_How to complete this task:_ Nothing but the lines from the one showing "Штатив-бокс предназначен для" through the final line of the data below belongs in the answer, duplicated exactly and without pictures.

_Data provided:_
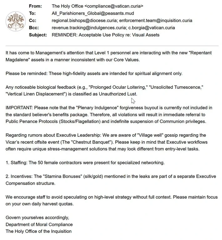 Per my last excommunication...
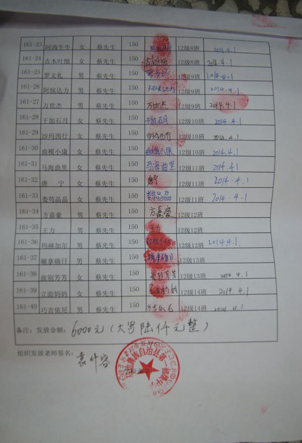 第161批马边第一初中(2014年3月-2014年7月)信天助学款发放签收单
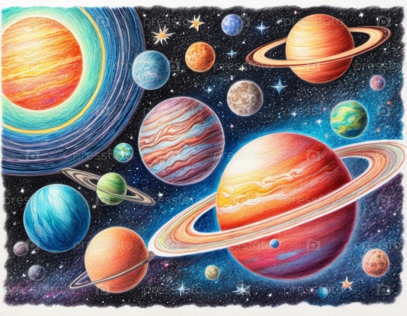 Планетарная система с несколькими планетами, большим ярко окрашенным газовым гигантом и каменистой планетой. Яркие звезды и огромное пространство темного космоса с галактикой на заднем плане. Космические просторы. Космонавтика. ИИ
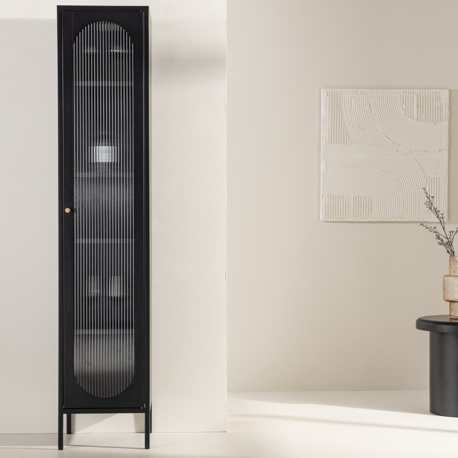 Skåpet är utrustat med fyra rymliga hyllplan, vilket ger dig gott om utrymme för att organisera. Dörren till skåpet är tillverkad av vågigt glas, vilket ger en subtil touch av textur och en unik visuell dimension till möbeln.
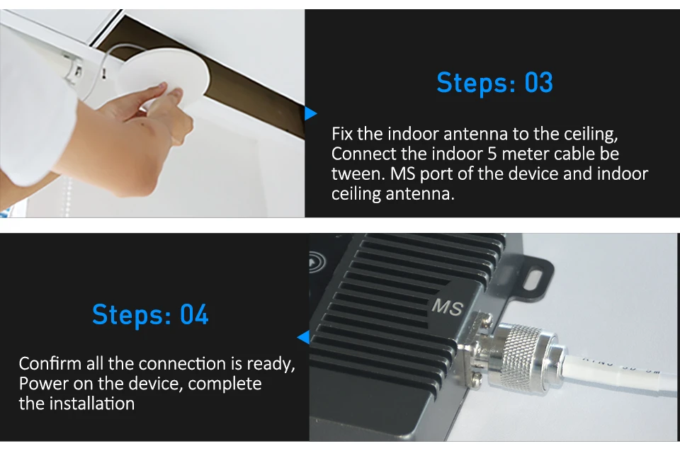 1. Получает сигнал Мощная антенна достигает доступа к хорошему сигналу и доставляет его к бустеру. 2. Повышает сигнал Усилитель получает сигнал, усиливает его и служит в качестве реле между вашим телефоном и ближайшей башней сотовой связи. 3. Сигнал передачи Ваши устройства получают увеличенный прием ячеек, а звонки и данные подаются через усилитель обратно в сеть. Примечание: Пожалуйста, убедитесь, что место, где вы собираетесь установить LTE 4G и убедитесь в том, что вы можете получить по крайней мере 2 планки 4G "LTE» сигнал на открытом воздухе, прежде чем вы покупаете, В противном случае этот продукт не может вам помочь. Для улучшения сигнала в помещении необходим хороший внешний сигнал.
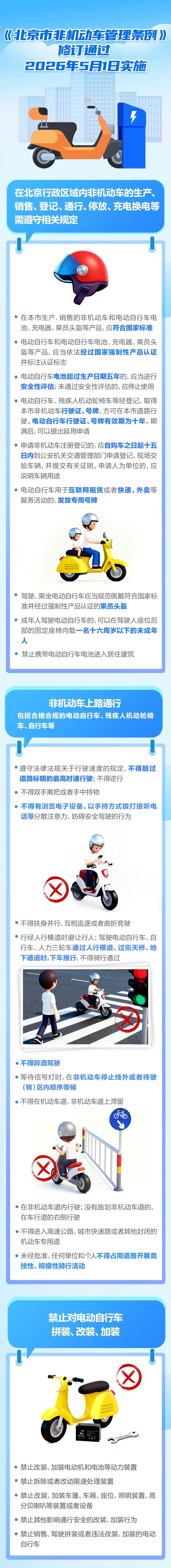 今天(28日),新修订的《北京市非机动车管理条例》经北京市第十六届人民代表大会常务委员会第二十次会议表决通过,自2026年5月1日起施行。
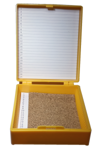 Штатив-бокс предназначен для хранения микропрепаратов на предметных стеклах размером 76 х 26 мм, толщиной 1 мм. Имеет подложку из прессованной пробки, нумерованные ячейки и поля для записи. Изготовлен бокс-штатив из полистирола. Индивидуальная упаковка. Рабочий диапазон температур - от -30 до +60°С.
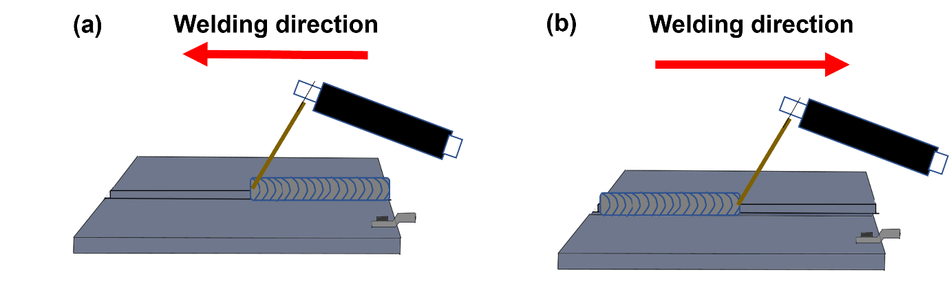 Figure 11: Schematic of (a) Forehand welding (b) Backhand Welding
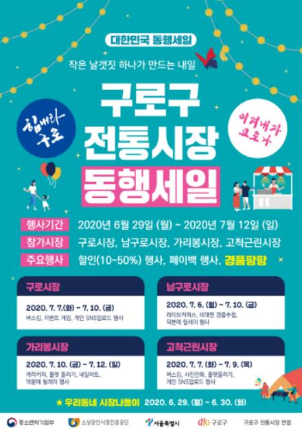 서울특별시 구로구(구청장 이성)가 코로나19 장기화로 위축된 지역경제를 활성화하기 위해 ‘우리동네 시장나들이’ 행사를 개최한다.
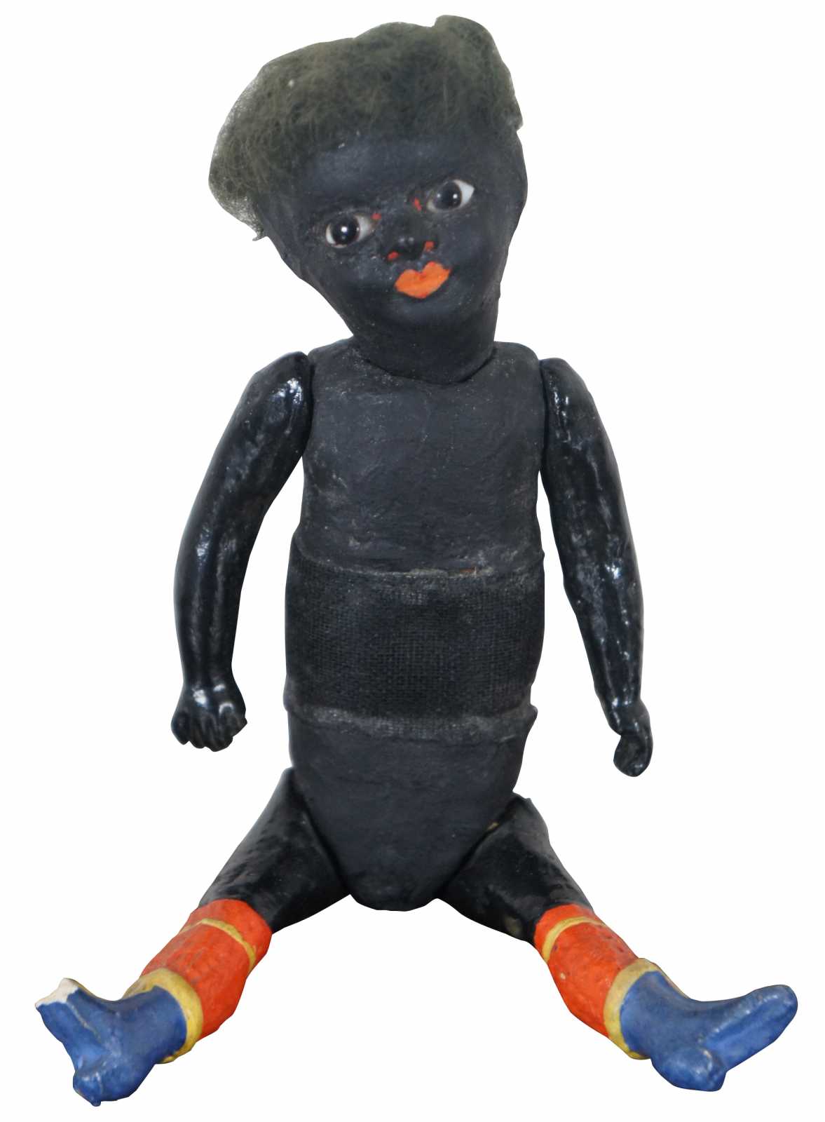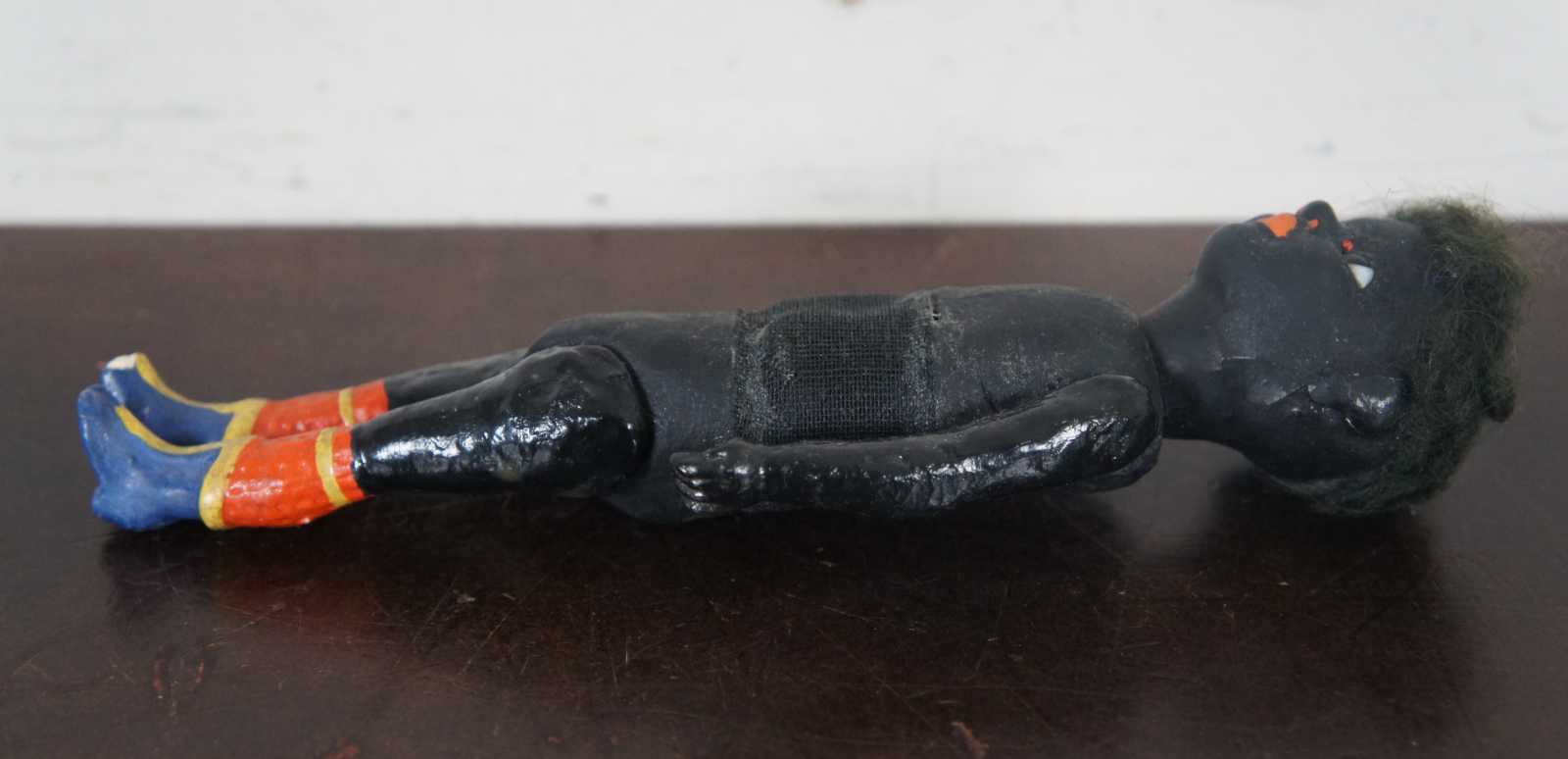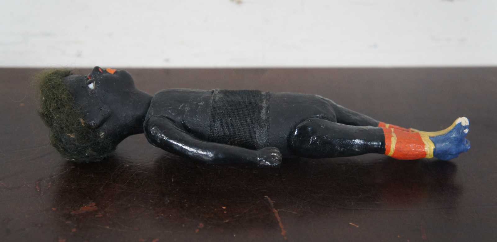 Antique 19th century black doll with full bisque body, jointed limbs and blue and red painted boots.

_Task answer:_
 Штатив-бокс предназначен для хранения микропрепаратов на предметных стеклах размером 76 х 26 мм, толщиной 1 мм. Имеет подложку из прессованной пробки, нумерованные ячейки и поля для записи. Изготовлен бокс-штатив из полистирола. Индивидуальная упаковка. Рабочий диапазон температур - от -30 до +60°С.
 Figure 11: Schematic of (a) Forehand welding (b) Backhand Welding
 서울특별시 구로구(구청장 이성)가 코로나19 장기화로 위축된 지역경제를 활성화하기 위해 ‘우리동네 시장나들이’ 행사를 개최한다.
 Antique 19th century black doll with full bisque body, jointed limbs and blue and red painted boots.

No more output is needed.